En resumen, el foro de instancia puede prorrogar el término de seis
(6) meses para diligenciar un emplazamiento, aunque la prórroga se haya
solicitado luego de haber vencido dicho término y, siempre y cuando mediare
justa causa y no haya abuso de discreción de parte del tribunal.
A la luz de estos preceptos debemos entonces resolver si el tribunal
de instancia abusó de su discreción al imponer a la demandante peticionaria
Rosado González la severa sanción de la desestimación de su acción con
perjuicio. Veamos.
IV
En el caso de autos, la demandante peticionaria Rosado González logró
emplazar a dos (2) de los demandados, Ivangs Manuel Rivera Pérez y Manuel
Osvaldo Rivera Pérez dentro del término de seis (6) meses que establece
la Regla 4.3(b). No pudo, sin embargo, emplazar al resto de los demandados
dentro de dicho plazo. De los hechos surge con meridiana claridad que la
representación legal de la parte demandante no actuó con diligencia, ya
que no notificó al tribunal con prontitud y dentro de los plazos que le
fueron concedidos de las gestiones que estaban realizando para llevar a
cabo los emplazamientos. De otra parte, los hechos procesales también
reflejan que al solicitar la expedición de nuevos emplazamientos, aunque ya había transcurrido el término de seis (6) meses que establece la Regla
4.3(b) y las prórrogas que sobre el particular le fueran concedidas, la
parte demandante justificó la tardanza. No cabe duda que esta solicitud
como cuestión de hecho era una de prórroga para emplazar. Tampoco es menos
cierto que del expediente no surge que a la parte demandante se le hubiese
notificado del incumplimiento de su representación legal con los términos
para emplazar y para notificar sobre las gestiones que se estaban realizando
en torno a dicho diligenciamiento, ni de las graves consecuencias que este
incumplimiento podría acarrear, o sea, la pérdida de su causa de acción
al ser desestimada la demanda con perjuicio.

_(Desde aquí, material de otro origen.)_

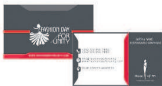
Cartes de visite
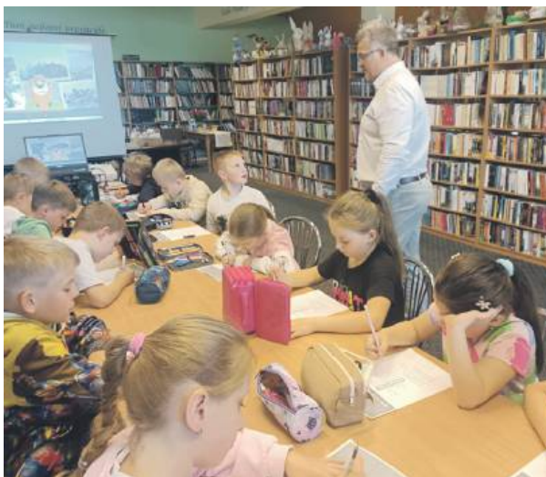
Na zakończenie spotkania uczniowie rozwiązywali tematyczną krzyżówkę, która pomogła im utrwalić zdobyte informacje w atrakcyjnej formie

Ante estas circunstancias y a tenor con las normas procesales y la
jurisprudencia previamente discutida, el foro de instancia abusó de su
discreción al no permitir la expedición de nuevos emplazamientos en cuanto
a los demandados no emplazados. La determinación de no permitir emplazar
a estos coherederos que son partes indispensables conlleva el que tribunal
de instancia eventualmente tenga que desestimar con perjuicio la demanda
en su totalidad por falta de parte indispensable. En consecuencia, se
desestimaría la acción aun para los demandados que fueron debidamente
emplazados.
V
Las razones antes expuestas son las que nos permiten estar conforme
con la Sentencia que hoy certifica este Tribunal.